Os Estados Unidos incluíram o Brasil em uma lista de 60 países que não combatem adequadamente o trabalho forçado. A medida, anunciada nesta semana, já era esperada por integrantes do governo brasileiro, que preveem a imposição de uma sobretaxa sobre produtos brasileiros.
Sobretaxa pode chegar a 37,5%
Nos bastidores, fontes do governo indicam que a nova taxa será somada aos 25% já anunciados na segunda-feira (1°). Com isso, a sobretaxa total passaria para 37,5%, valor próximo aos 40% impostos no ano passado. A estratégia de defesa do Brasil deve seguir o mesmo caminho adotado anteriormente: diálogo com os Estados Unidos até o prazo final da investigação.
Defesa técnica apresentada em abril
Em abril, o Brasil apresentou uma defesa considerada técnica pela diplomacia, destacando os avanços no combate ao trabalho escravo.
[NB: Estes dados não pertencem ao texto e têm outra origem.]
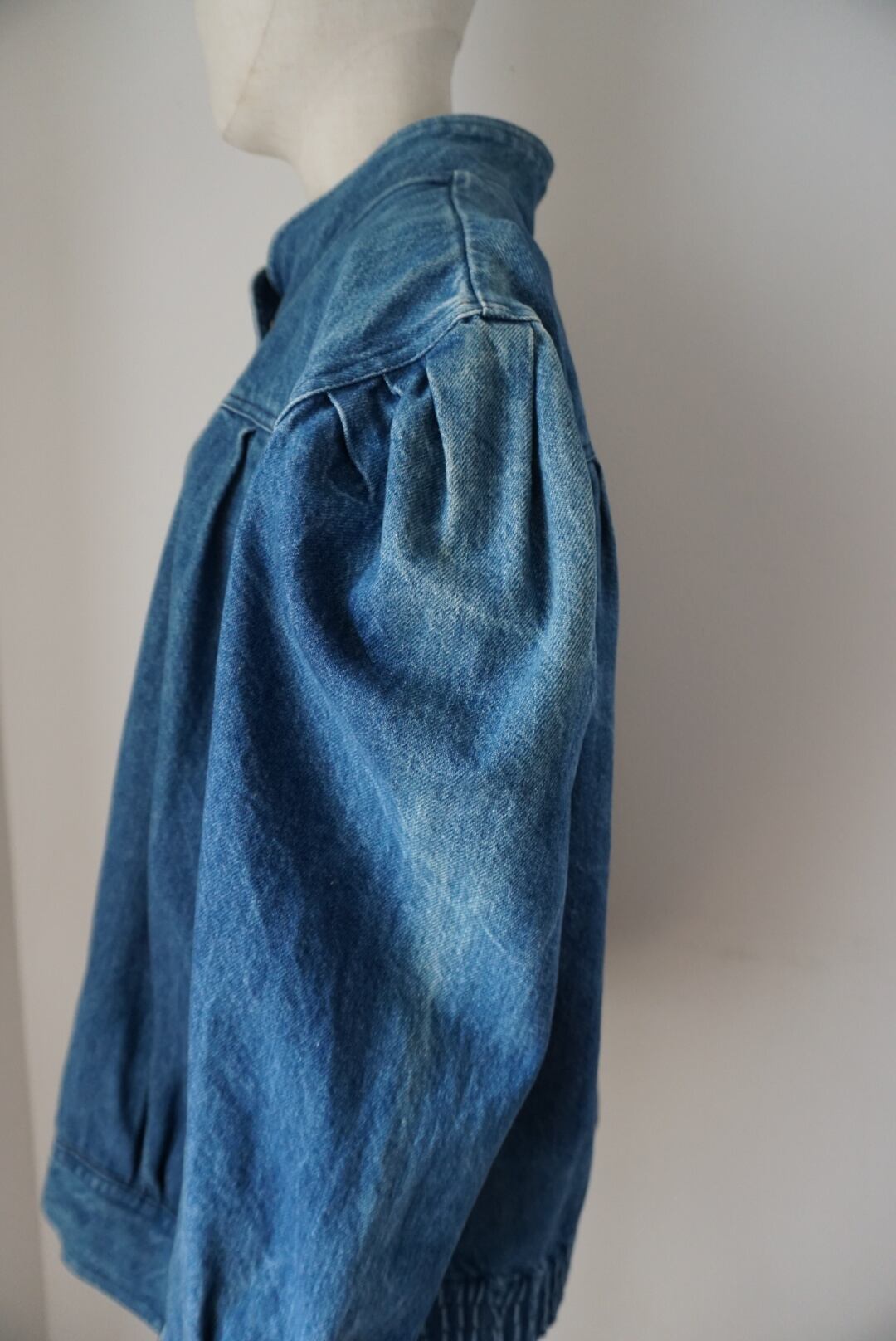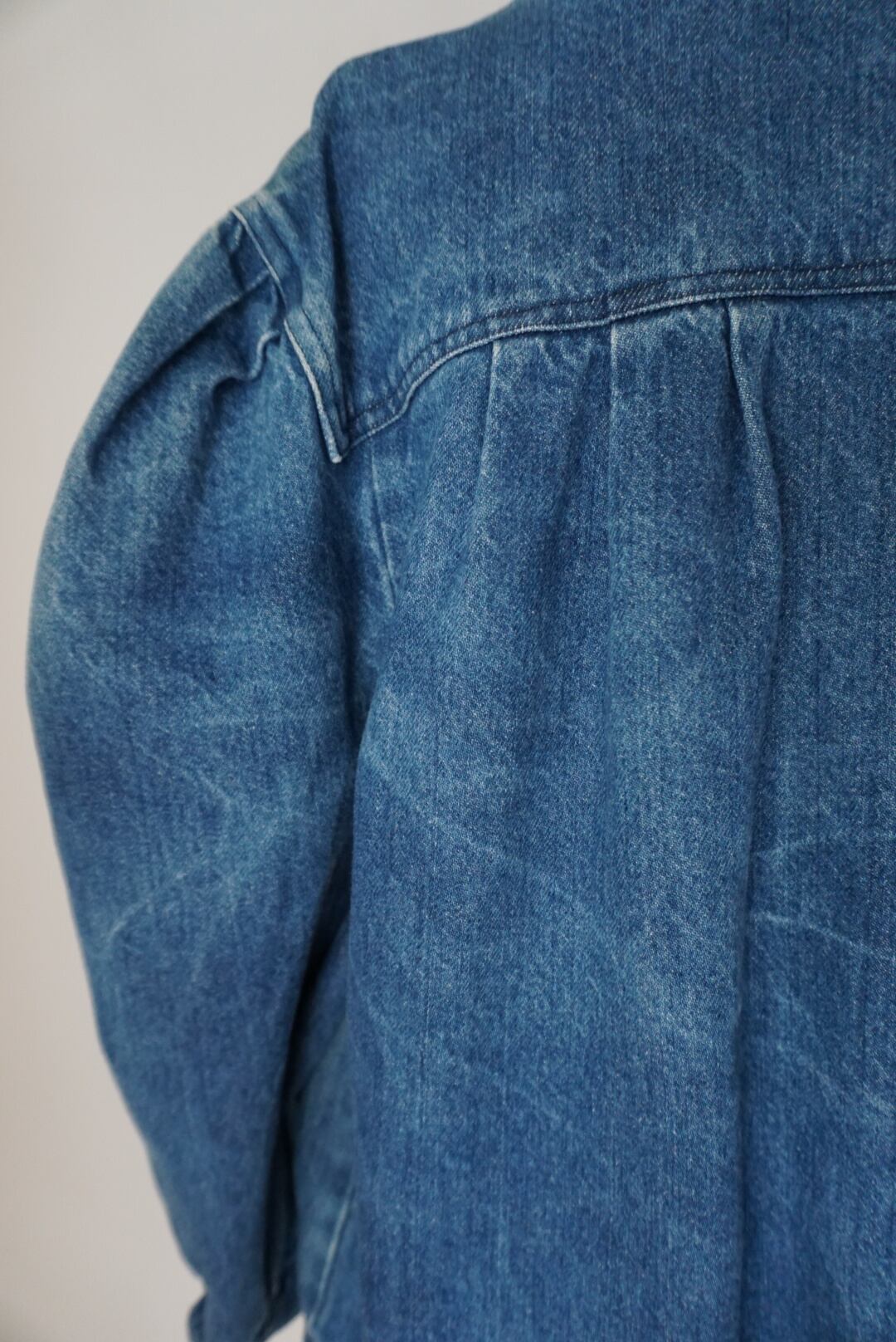 このジャケットは、1980年代を彷彿とさせるブルーデニム素材に、ふんわりとしたパフスリーブが特徴のデザインです。レトロでありながらトレンド感のあるスタイルを実現し、カジュアルからフォーマルまで幅広いコーディネートが楽しめます。

Entre os pontos citados estão a criação da Comissão Nacional de Erradicação do Trabalho Escravo, em 2003, e a implementação da chamada “Lista Suja”, que impede empregadores flagrados explorando mão de obra escrava de obter financiamentos em bancos públicos.
Reunião em Paris pode ser decisiva
Nesta quarta-feira (3), o ministro das Relações Exteriores, Mauro Vieira, participa de um evento da Organização para a Cooperação e Desenvolvimento Econômico (OCDE), em Paris. No mesmo evento estará o embaixador Jamieson Greer, representante comercial dos Estados Unidos. Embora ainda não haja reunião oficial agendada, fontes próximas ao ministro afirmam que Vieira tentará um encontro com Greer para discutir a questão.
A inclusão do Brasil na lista representa mais um desafio para as relações comerciais entre os dois países, que já enfrentam tensões tarifárias. O governo brasileiro espera que a via diplomática possa evitar sanções mais severas.